Records drawn from a dataset:
——
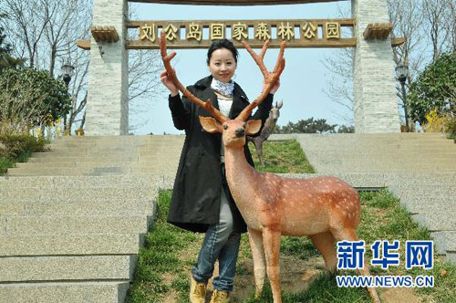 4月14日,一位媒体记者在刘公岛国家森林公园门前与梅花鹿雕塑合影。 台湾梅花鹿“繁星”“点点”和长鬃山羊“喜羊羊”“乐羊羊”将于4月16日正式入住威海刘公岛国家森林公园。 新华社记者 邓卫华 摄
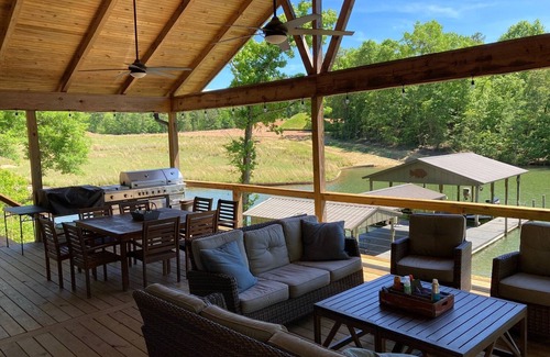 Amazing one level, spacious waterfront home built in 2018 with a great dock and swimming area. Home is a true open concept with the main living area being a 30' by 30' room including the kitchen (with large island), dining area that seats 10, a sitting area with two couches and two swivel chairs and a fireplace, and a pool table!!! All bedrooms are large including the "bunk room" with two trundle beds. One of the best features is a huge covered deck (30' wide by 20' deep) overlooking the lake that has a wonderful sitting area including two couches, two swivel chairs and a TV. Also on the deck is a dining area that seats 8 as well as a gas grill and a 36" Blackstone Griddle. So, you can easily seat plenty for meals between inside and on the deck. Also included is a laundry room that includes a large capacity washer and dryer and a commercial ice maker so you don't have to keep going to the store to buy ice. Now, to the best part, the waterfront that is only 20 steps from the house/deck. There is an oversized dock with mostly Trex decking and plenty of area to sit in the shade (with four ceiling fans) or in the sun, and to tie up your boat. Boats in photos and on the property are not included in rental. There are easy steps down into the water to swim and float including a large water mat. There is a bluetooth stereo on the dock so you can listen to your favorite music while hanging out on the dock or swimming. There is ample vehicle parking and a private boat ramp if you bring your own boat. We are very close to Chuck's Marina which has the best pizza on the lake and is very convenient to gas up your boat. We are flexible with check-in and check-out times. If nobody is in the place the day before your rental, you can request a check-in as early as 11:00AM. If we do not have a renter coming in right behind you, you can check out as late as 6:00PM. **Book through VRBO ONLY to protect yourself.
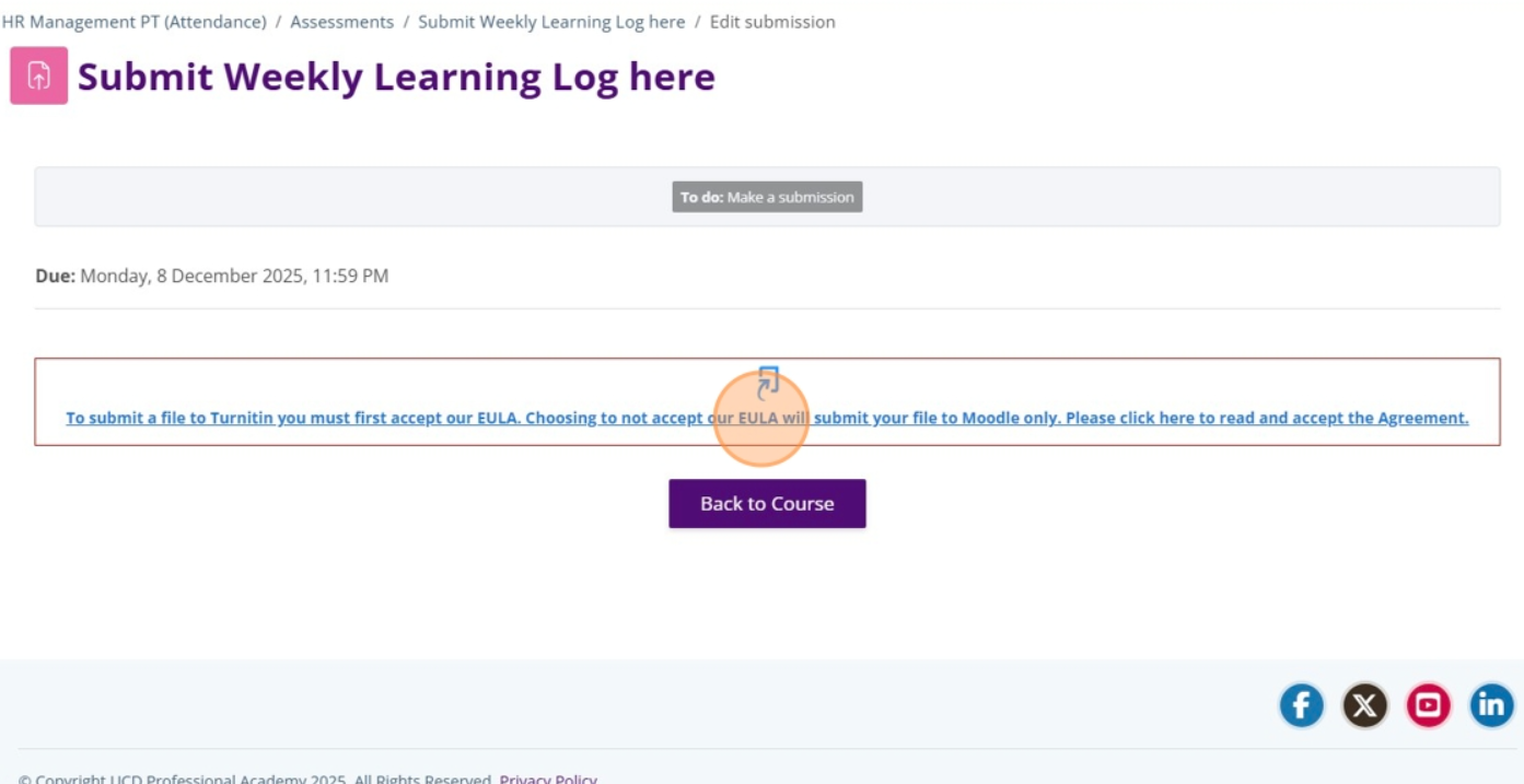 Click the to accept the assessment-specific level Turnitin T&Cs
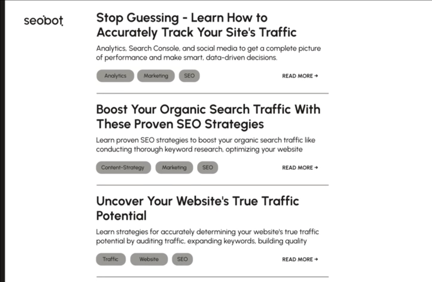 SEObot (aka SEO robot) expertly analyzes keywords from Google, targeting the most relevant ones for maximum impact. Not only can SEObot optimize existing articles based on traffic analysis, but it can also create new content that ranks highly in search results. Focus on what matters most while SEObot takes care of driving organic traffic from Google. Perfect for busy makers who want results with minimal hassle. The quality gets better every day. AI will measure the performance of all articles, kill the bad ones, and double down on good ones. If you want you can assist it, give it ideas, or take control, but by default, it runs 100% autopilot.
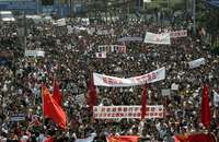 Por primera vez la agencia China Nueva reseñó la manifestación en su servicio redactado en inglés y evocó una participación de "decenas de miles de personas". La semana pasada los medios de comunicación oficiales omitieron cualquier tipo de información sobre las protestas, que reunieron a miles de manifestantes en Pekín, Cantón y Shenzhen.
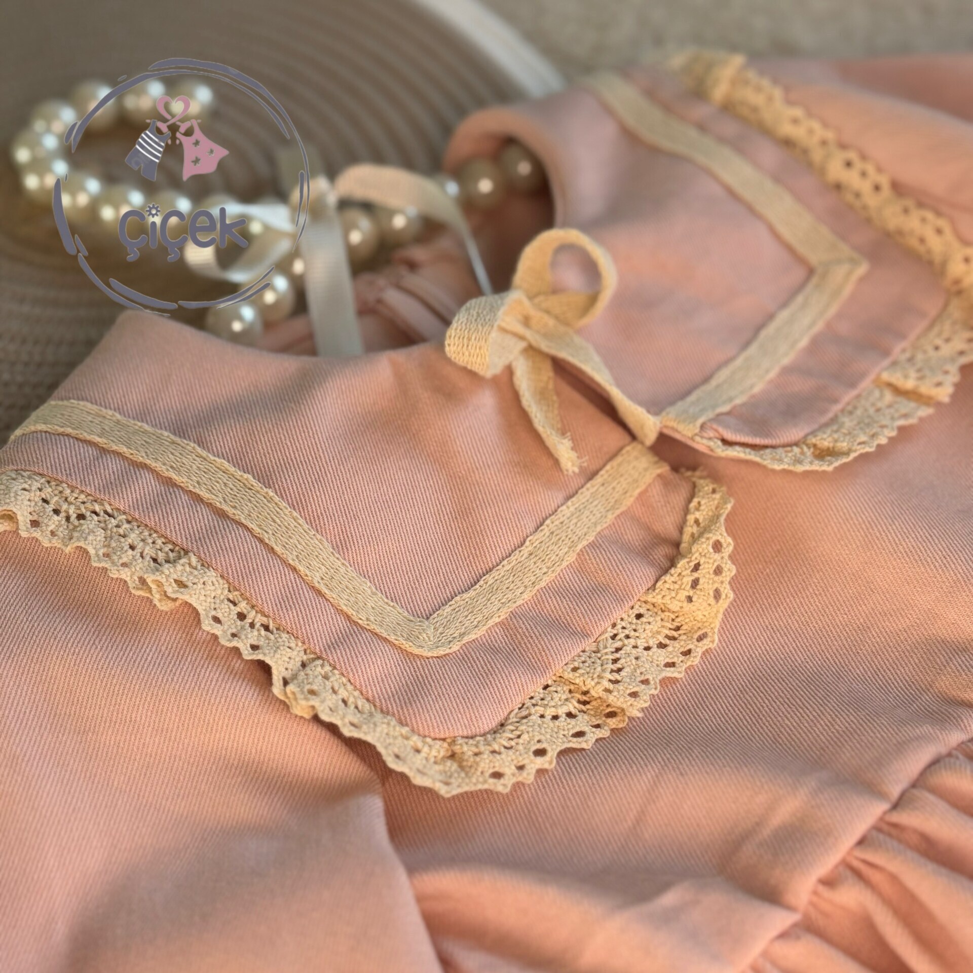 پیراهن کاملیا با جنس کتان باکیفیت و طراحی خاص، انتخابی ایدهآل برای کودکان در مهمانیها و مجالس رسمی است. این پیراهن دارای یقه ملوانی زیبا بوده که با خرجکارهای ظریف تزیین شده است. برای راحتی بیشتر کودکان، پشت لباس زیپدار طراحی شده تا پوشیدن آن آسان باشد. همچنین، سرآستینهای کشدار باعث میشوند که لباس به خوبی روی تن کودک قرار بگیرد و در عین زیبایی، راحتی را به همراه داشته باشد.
——
**Try it**
Except for pictures, copy the records above exactly.

**Your solution**
 4月14日,一位媒体记者在刘公岛国家森林公园门前与梅花鹿雕塑合影。 台湾梅花鹿“繁星”“点点”和长鬃山羊“喜羊羊”“乐羊羊”将于4月16日正式入住威海刘公岛国家森林公园。 新华社记者 邓卫华 摄
 Amazing one level, spacious waterfront home built in 2018 with a great dock and swimming area. Home is a true open concept with the main living area being a 30' by 30' room including the kitchen (with large island), dining area that seats 10, a sitting area with two couches and two swivel chairs and a fireplace, and a pool table!!! All bedrooms are large including the "bunk room" with two trundle beds. One of the best features is a huge covered deck (30' wide by 20' deep) overlooking the lake that has a wonderful sitting area including two couches, two swivel chairs and a TV. Also on the deck is a dining area that seats 8 as well as a gas grill and a 36" Blackstone Griddle. So, you can easily seat plenty for meals between inside and on the deck. Also included is a laundry room that includes a large capacity washer and dryer and a commercial ice maker so you don't have to keep going to the store to buy ice. Now, to the best part, the waterfront that is only 20 steps from the house/deck. There is an oversized dock with mostly Trex decking and plenty of area to sit in the shade (with four ceiling fans) or in the sun, and to tie up your boat. Boats in photos and on the property are not included in rental. There are easy steps down into the water to swim and float including a large water mat. There is a bluetooth stereo on the dock so you can listen to your favorite music while hanging out on the dock or swimming. There is ample vehicle parking and a private boat ramp if you bring your own boat. We are very close to Chuck's Marina which has the best pizza on the lake and is very convenient to gas up your boat. We are flexible with check-in and check-out times. If nobody is in the place the day before your rental, you can request a check-in as early as 11:00AM. If we do not have a renter coming in right behind you, you can check out as late as 6:00PM. **Book through VRBO ONLY to protect yourself.
 Click the to accept the assessment-specific level Turnitin T&Cs
 SEObot (aka SEO robot) expertly analyzes keywords from Google, targeting the most relevant ones for maximum impact. Not only can SEObot optimize existing articles based on traffic analysis, but it can also create new content that ranks highly in search results. Focus on what matters most while SEObot takes care of driving organic traffic from Google. Perfect for busy makers who want results with minimal hassle. The quality gets better every day. AI will measure the performance of all articles, kill the bad ones, and double down on good ones. If you want you can assist it, give it ideas, or take control, but by default, it runs 100% autopilot.
 Por primera vez la agencia China Nueva reseñó la manifestación en su servicio redactado en inglés y evocó una participación de "decenas de miles de personas". La semana pasada los medios de comunicación oficiales omitieron cualquier tipo de información sobre las protestas, que reunieron a miles de manifestantes en Pekín, Cantón y Shenzhen.
 پیراهن کاملیا با جنس کتان باکیفیت و طراحی خاص، انتخابی ایدهآل برای کودکان در مهمانیها و مجالس رسمی است. این پیراهن دارای یقه ملوانی زیبا بوده که با خرجکارهای ظریف تزیین شده است. برای راحتی بیشتر کودکان، پشت لباس زیپدار طراحی شده تا پوشیدن آن آسان باشد. همچنین، سرآستینهای کشدار باعث میشوند که لباس به خوبی روی تن کودک قرار بگیرد و در عین زیبایی، راحتی را به همراه داشته باشد.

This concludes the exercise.